Work task:
Output range, inclusive: from the line containing "Una splendida illustrazione" to the line containing "Pomimo że w". Restate those lines from the data below word for word and only those.

Data for review:
┄┄┄┄┄┄

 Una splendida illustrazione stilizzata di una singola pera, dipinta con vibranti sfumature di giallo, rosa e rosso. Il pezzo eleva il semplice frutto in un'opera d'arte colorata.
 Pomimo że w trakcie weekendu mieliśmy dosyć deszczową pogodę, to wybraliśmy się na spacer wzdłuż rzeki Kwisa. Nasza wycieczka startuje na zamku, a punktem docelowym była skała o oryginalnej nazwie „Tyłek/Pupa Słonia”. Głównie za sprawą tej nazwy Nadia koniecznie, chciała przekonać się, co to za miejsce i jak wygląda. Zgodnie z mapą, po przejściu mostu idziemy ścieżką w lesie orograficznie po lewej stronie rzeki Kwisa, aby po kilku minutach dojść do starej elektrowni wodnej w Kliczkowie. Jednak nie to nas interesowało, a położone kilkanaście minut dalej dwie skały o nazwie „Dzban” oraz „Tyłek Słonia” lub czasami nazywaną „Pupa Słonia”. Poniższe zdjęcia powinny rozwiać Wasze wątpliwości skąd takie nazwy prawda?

┄┄┄┄┄┄

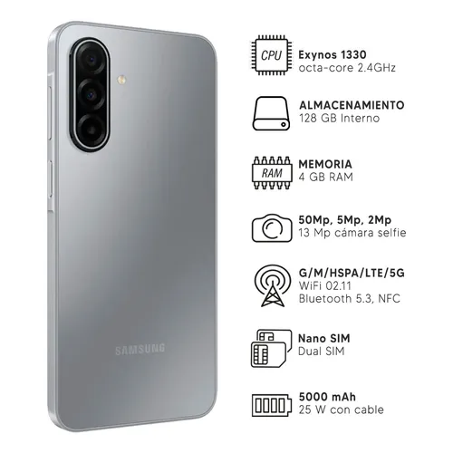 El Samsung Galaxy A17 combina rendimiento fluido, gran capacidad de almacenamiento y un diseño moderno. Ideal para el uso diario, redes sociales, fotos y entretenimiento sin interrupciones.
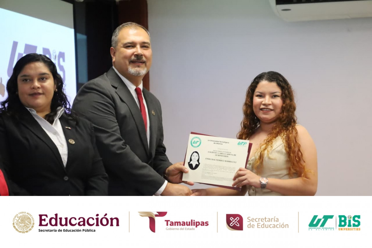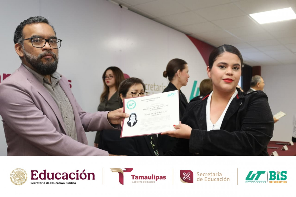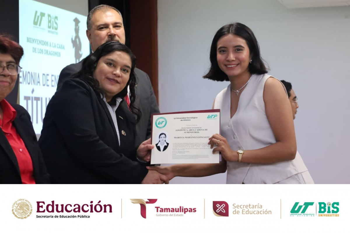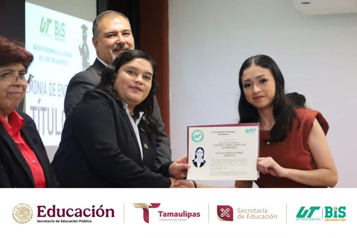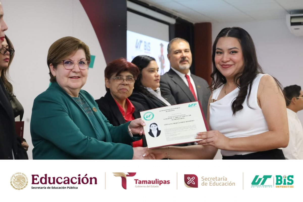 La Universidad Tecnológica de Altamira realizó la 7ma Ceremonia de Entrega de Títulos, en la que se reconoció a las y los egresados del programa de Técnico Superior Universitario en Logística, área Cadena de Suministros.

┄┄┄┄┄┄

Output of the task:
 Una splendida illustrazione stilizzata di una singola pera, dipinta con vibranti sfumature di giallo, rosa e rosso. Il pezzo eleva il semplice frutto in un'opera d'arte colorata.
 Pomimo że w trakcie weekendu mieliśmy dosyć deszczową pogodę, to wybraliśmy się na spacer wzdłuż rzeki Kwisa. Nasza wycieczka startuje na zamku, a punktem docelowym była skała o oryginalnej nazwie „Tyłek/Pupa Słonia”. Głównie za sprawą tej nazwy Nadia koniecznie, chciała przekonać się, co to za miejsce i jak wygląda. Zgodnie z mapą, po przejściu mostu idziemy ścieżką w lesie orograficznie po lewej stronie rzeki Kwisa, aby po kilku minutach dojść do starej elektrowni wodnej w Kliczkowie. Jednak nie to nas interesowało, a położone kilkanaście minut dalej dwie skały o nazwie „Dzban” oraz „Tyłek Słonia” lub czasami nazywaną „Pupa Słonia”. Poniższe zdjęcia powinny rozwiać Wasze wątpliwości skąd takie nazwy prawda?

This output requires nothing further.